Start of Material to process

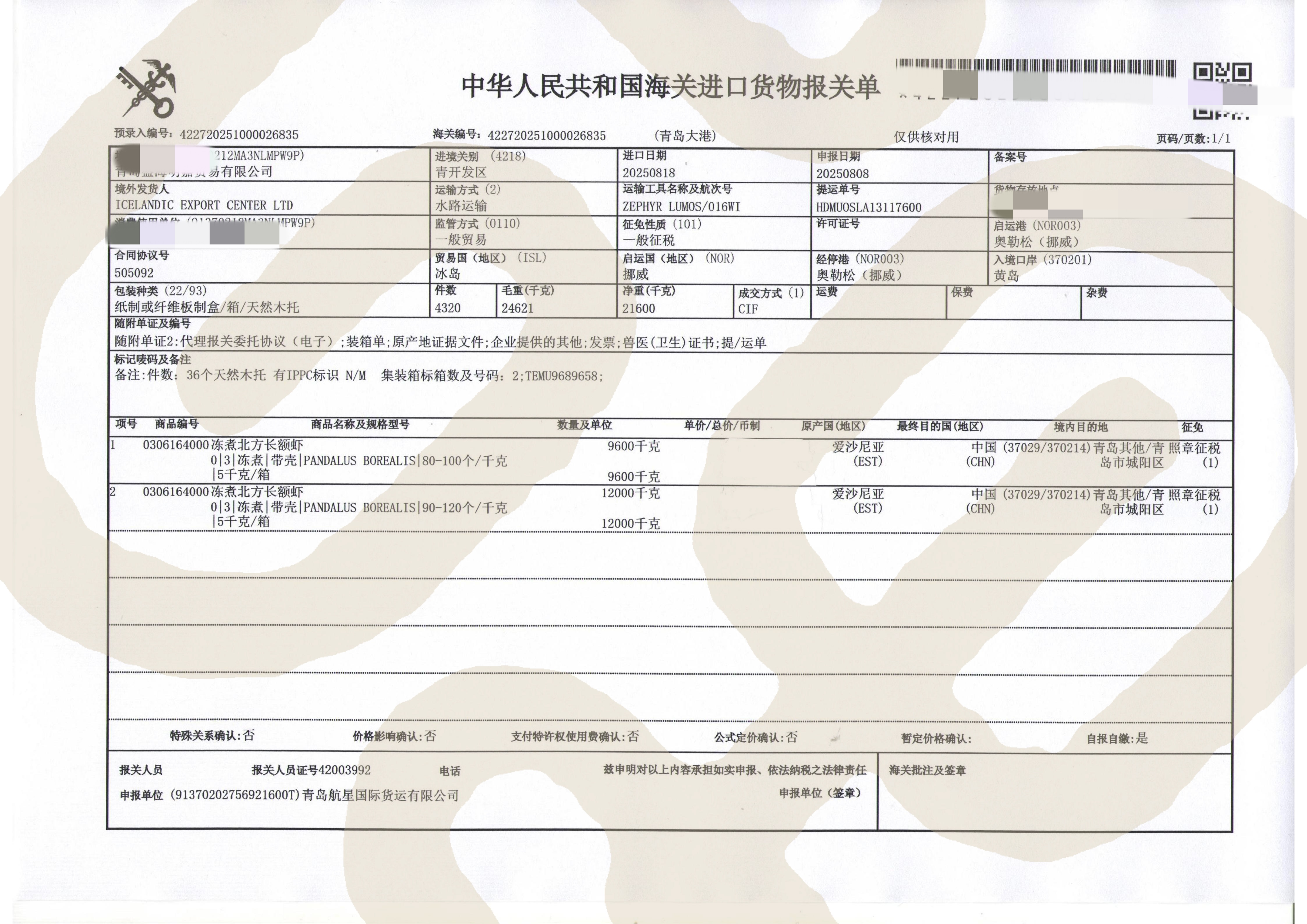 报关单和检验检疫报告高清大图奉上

End of Material to process
Start of Material to process

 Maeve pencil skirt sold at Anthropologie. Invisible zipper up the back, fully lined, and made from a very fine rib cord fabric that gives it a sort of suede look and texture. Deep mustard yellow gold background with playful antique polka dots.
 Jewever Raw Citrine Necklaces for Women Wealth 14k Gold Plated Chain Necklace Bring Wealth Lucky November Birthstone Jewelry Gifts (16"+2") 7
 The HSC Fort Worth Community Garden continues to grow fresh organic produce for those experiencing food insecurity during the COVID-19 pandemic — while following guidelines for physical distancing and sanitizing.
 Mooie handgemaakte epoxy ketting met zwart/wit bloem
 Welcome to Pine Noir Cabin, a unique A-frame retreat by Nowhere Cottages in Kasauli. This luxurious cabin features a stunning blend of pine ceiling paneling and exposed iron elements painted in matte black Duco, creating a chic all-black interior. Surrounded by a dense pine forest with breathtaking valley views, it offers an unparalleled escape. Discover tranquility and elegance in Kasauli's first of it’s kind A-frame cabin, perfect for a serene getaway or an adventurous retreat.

End of Material to process
Start of Material to process

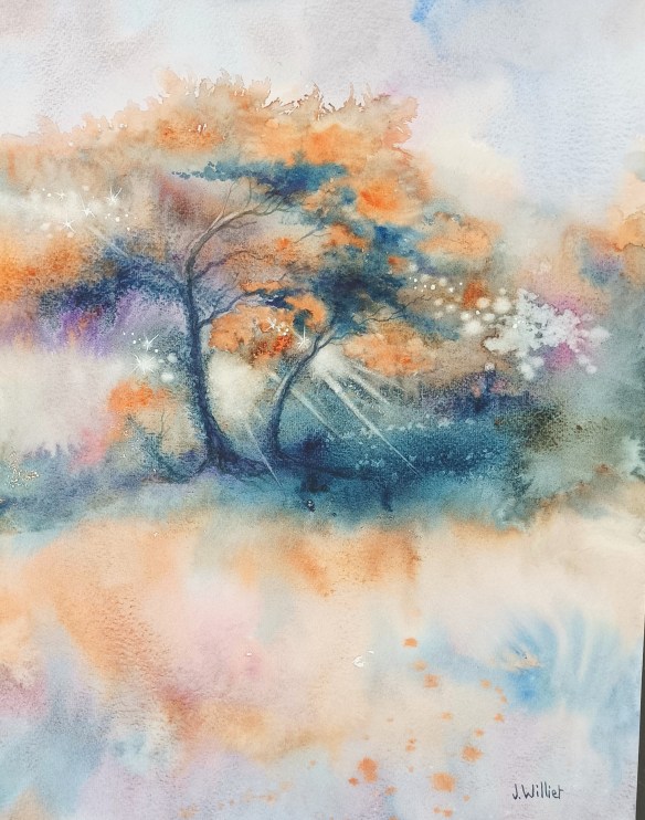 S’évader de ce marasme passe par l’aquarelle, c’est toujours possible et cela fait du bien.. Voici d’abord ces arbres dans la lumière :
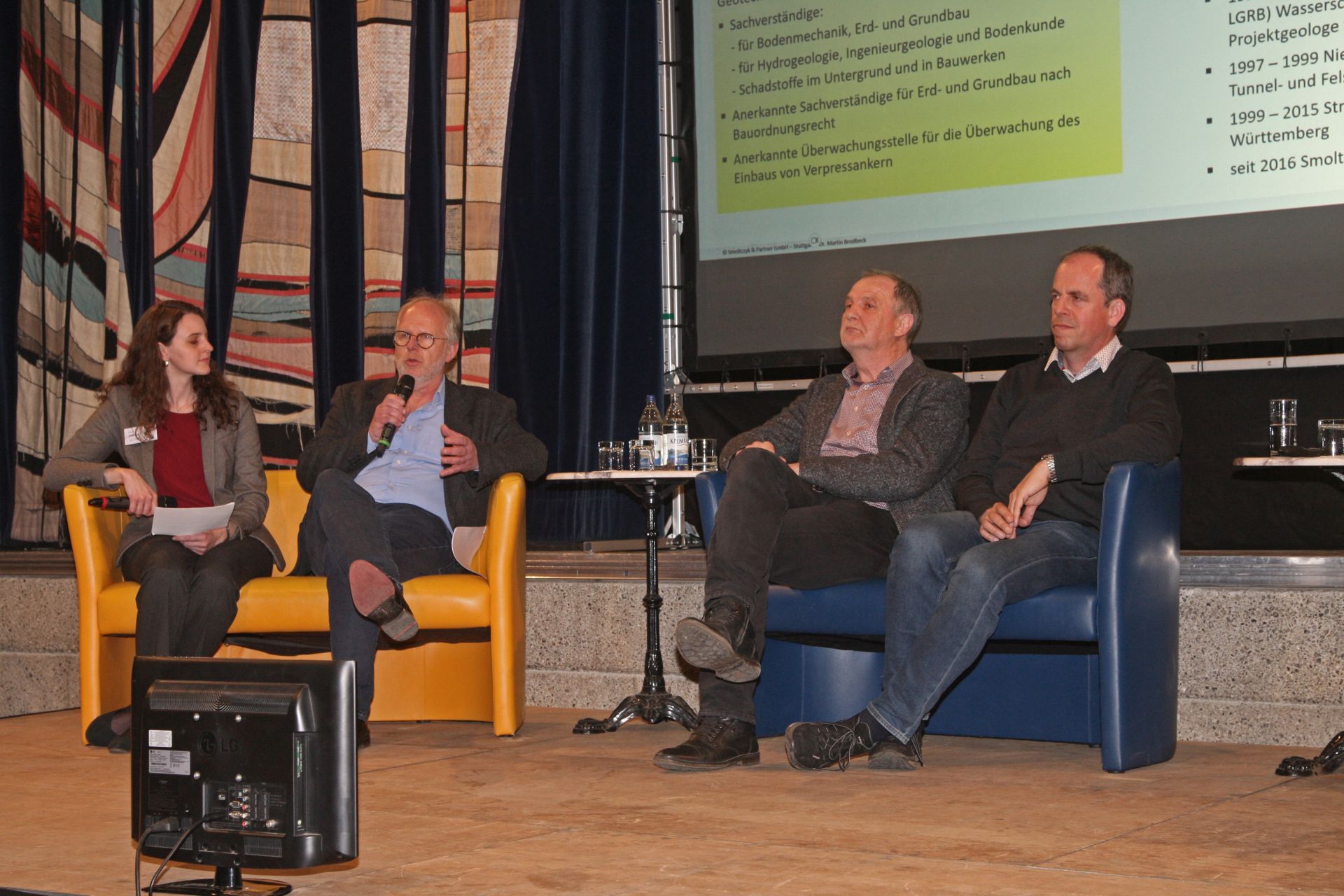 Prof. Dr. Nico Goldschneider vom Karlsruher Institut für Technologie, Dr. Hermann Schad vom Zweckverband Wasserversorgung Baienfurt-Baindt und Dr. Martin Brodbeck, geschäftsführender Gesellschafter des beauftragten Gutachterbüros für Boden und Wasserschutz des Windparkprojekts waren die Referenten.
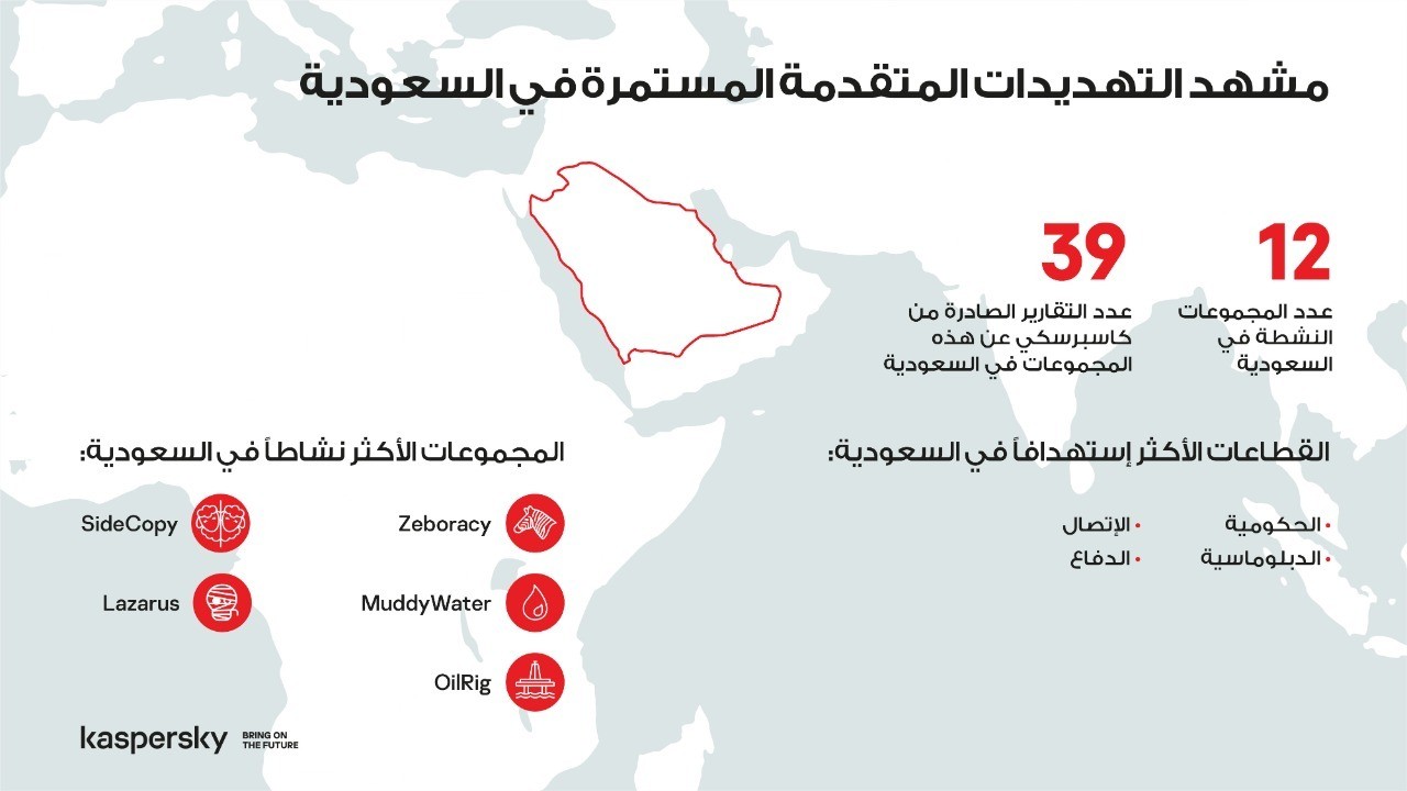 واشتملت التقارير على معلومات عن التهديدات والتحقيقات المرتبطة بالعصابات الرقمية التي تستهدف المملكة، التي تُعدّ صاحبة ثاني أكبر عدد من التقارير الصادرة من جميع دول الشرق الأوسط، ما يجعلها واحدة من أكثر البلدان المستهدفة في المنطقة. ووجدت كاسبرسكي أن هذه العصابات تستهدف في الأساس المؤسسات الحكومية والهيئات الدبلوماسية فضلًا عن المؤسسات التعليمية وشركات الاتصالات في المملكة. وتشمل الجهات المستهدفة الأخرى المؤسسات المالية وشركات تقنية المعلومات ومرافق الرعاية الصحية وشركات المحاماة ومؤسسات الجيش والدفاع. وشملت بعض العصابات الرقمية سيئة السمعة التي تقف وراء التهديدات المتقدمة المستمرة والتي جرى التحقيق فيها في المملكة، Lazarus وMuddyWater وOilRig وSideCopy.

End of Material to process

> _Work task_
In the records above, everything from the line with "S’évader de ce" down to the line with "Prof. Dr. Nico" must be duplicated exactly, both lines kept. Leave no pictures in.

> _Task output_
 S’évader de ce marasme passe par l’aquarelle, c’est toujours possible et cela fait du bien.. Voici d’abord ces arbres dans la lumière :
 Prof. Dr. Nico Goldschneider vom Karlsruher Institut für Technologie, Dr. Hermann Schad vom Zweckverband Wasserversorgung Baienfurt-Baindt und Dr. Martin Brodbeck, geschäftsführender Gesellschafter des beauftragten Gutachterbüros für Boden und Wasserschutz des Windparkprojekts waren die Referenten.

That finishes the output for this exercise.